:: RECORDS SHOWN ::

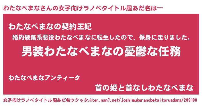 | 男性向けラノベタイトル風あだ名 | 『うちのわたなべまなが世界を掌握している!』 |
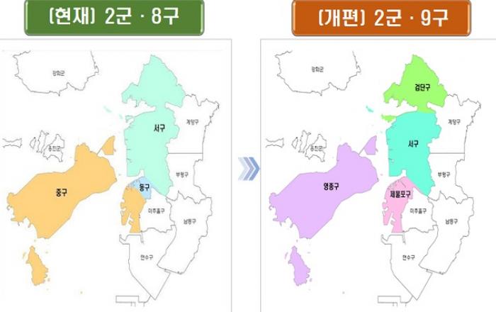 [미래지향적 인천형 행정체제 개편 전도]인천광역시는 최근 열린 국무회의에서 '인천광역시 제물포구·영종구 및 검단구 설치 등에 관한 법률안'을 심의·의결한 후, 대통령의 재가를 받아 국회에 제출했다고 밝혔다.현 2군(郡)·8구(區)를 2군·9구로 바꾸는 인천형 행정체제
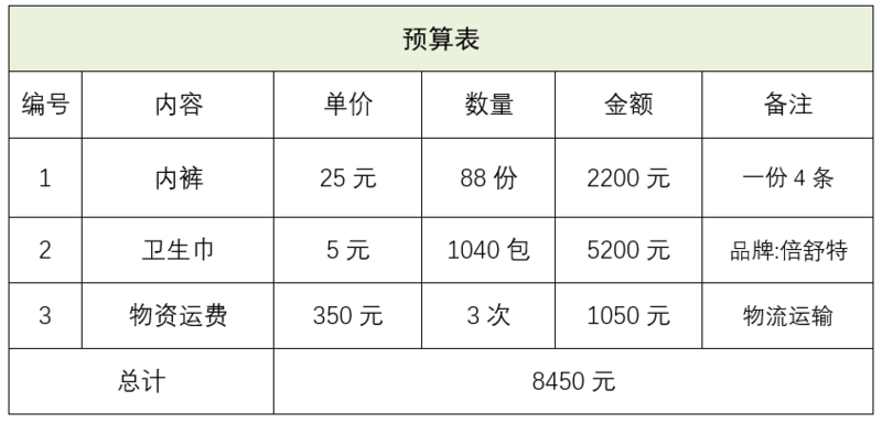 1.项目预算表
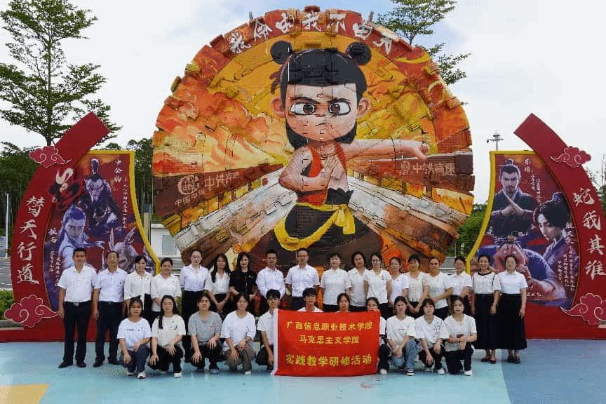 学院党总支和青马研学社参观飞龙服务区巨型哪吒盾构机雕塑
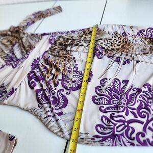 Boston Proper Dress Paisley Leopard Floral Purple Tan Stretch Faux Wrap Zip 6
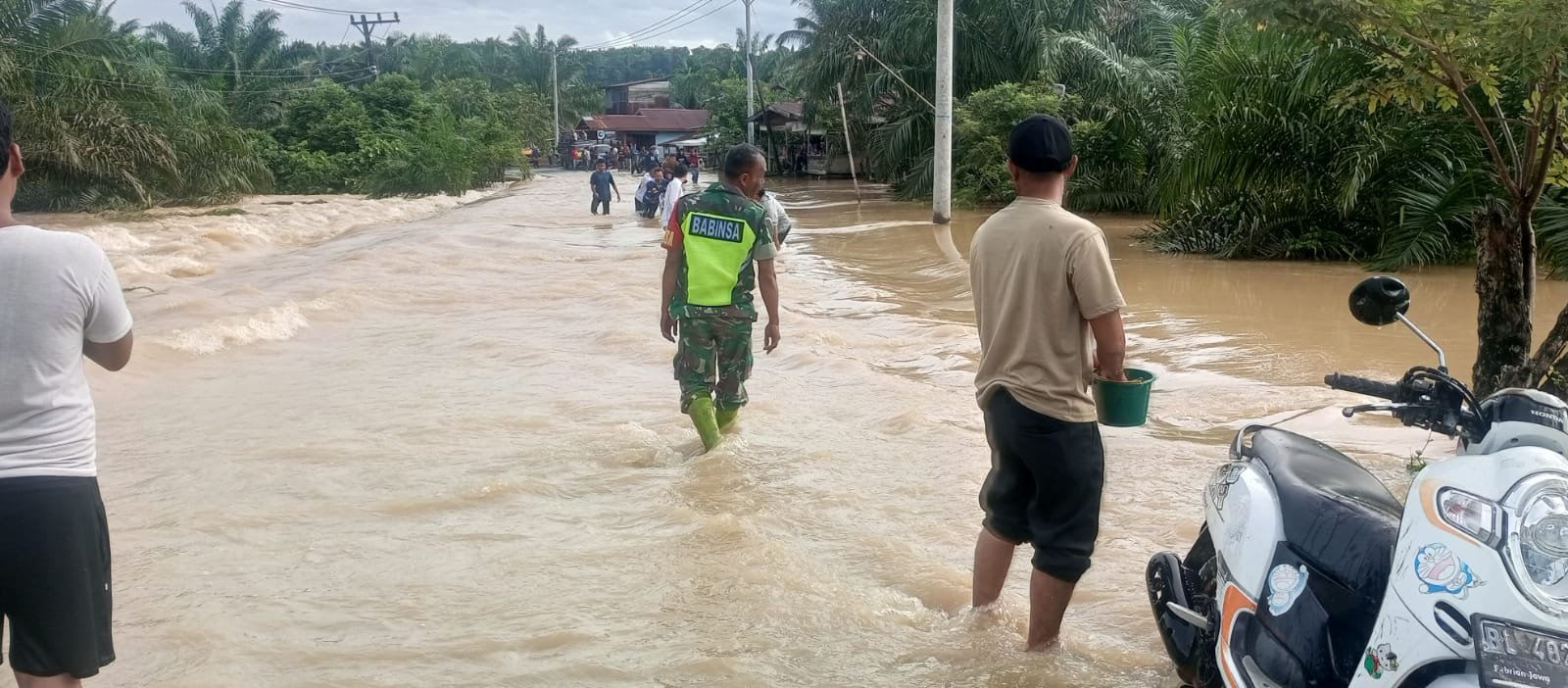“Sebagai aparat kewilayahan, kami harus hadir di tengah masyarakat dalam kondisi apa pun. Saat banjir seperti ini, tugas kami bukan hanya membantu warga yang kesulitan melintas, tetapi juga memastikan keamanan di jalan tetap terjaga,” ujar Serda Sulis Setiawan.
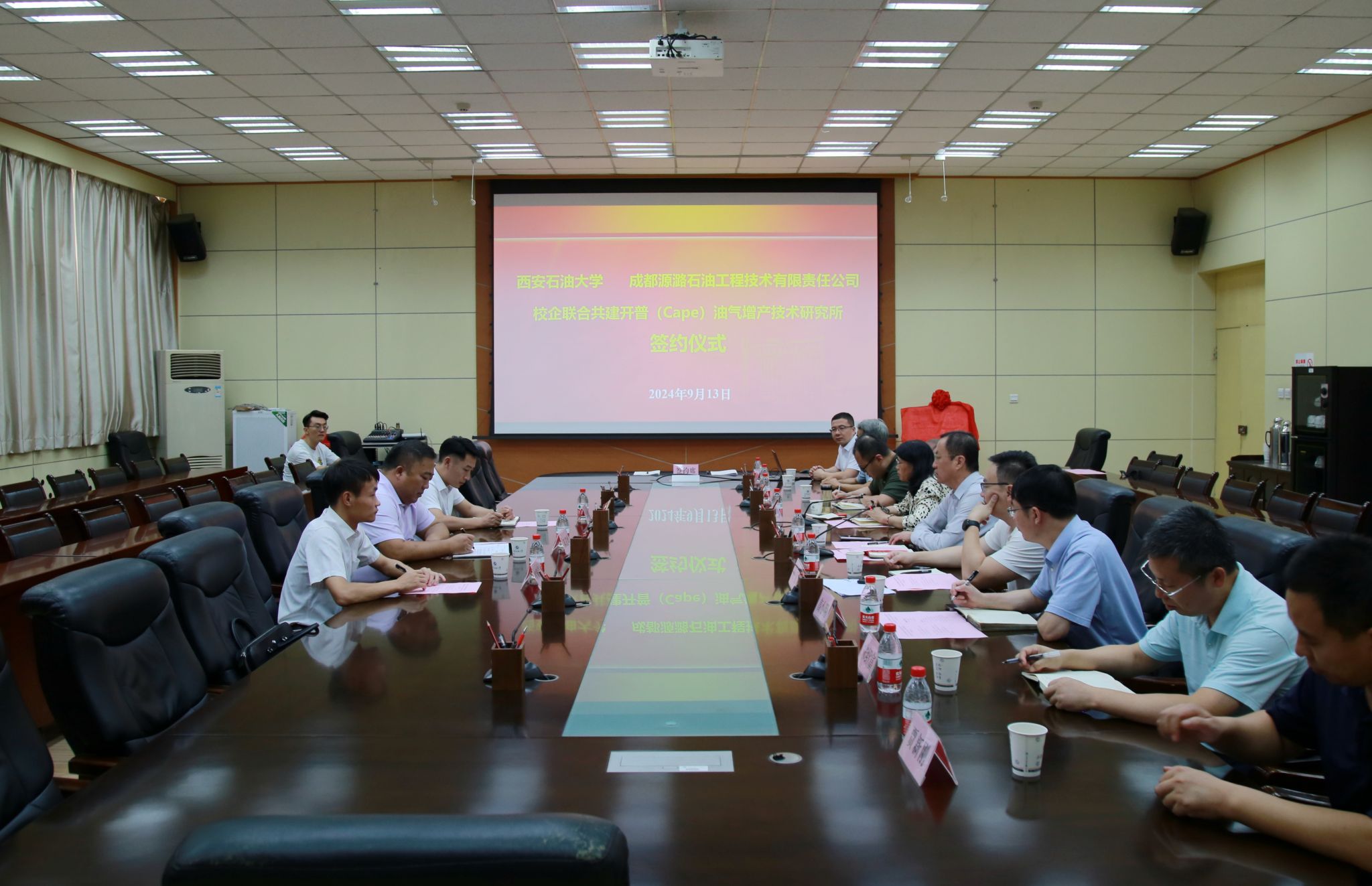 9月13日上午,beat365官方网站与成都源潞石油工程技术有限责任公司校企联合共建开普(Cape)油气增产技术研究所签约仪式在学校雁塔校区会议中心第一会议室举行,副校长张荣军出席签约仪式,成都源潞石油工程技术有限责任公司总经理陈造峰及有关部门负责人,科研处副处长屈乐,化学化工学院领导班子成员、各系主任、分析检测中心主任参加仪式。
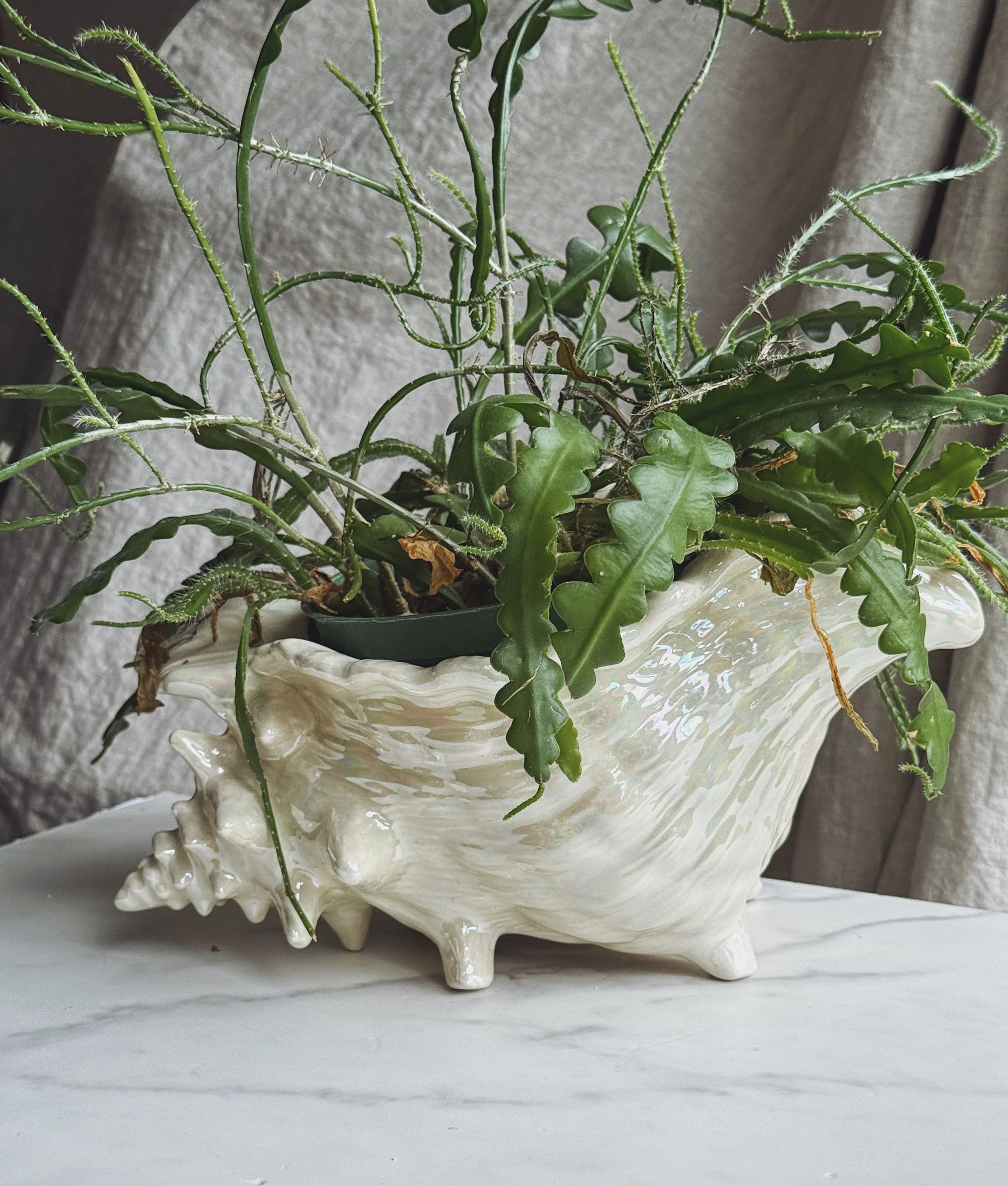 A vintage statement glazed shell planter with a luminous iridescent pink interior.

:::

### [HOW TO COMPLETE THIS TASK]
The reply should consist only of the lines running from the one with "学院党总支和青马研学社参观飞龙服务区巨型哪吒盾构机雕塑" through the end of the material, both included, copied exactly; please omit pictures.

### [RESULT OF THIS TASK]
 学院党总支和青马研学社参观飞龙服务区巨型哪吒盾构机雕塑
 Boston Proper Dress Paisley Leopard Floral Purple Tan Stretch Faux Wrap Zip 6
“Sebagai aparat kewilayahan, kami harus hadir di tengah masyarakat dalam kondisi apa pun. Saat banjir seperti ini, tugas kami bukan hanya membantu warga yang kesulitan melintas, tetapi juga memastikan keamanan di jalan tetap terjaga,” ujar Serda Sulis Setiawan.
 9月13日上午,beat365官方网站与成都源潞石油工程技术有限责任公司校企联合共建开普(Cape)油气增产技术研究所签约仪式在学校雁塔校区会议中心第一会议室举行,副校长张荣军出席签约仪式,成都源潞石油工程技术有限责任公司总经理陈造峰及有关部门负责人,科研处副处长屈乐,化学化工学院领导班子成员、各系主任、分析检测中心主任参加仪式。
 A vintage statement glazed shell planter with a luminous iridescent pink interior.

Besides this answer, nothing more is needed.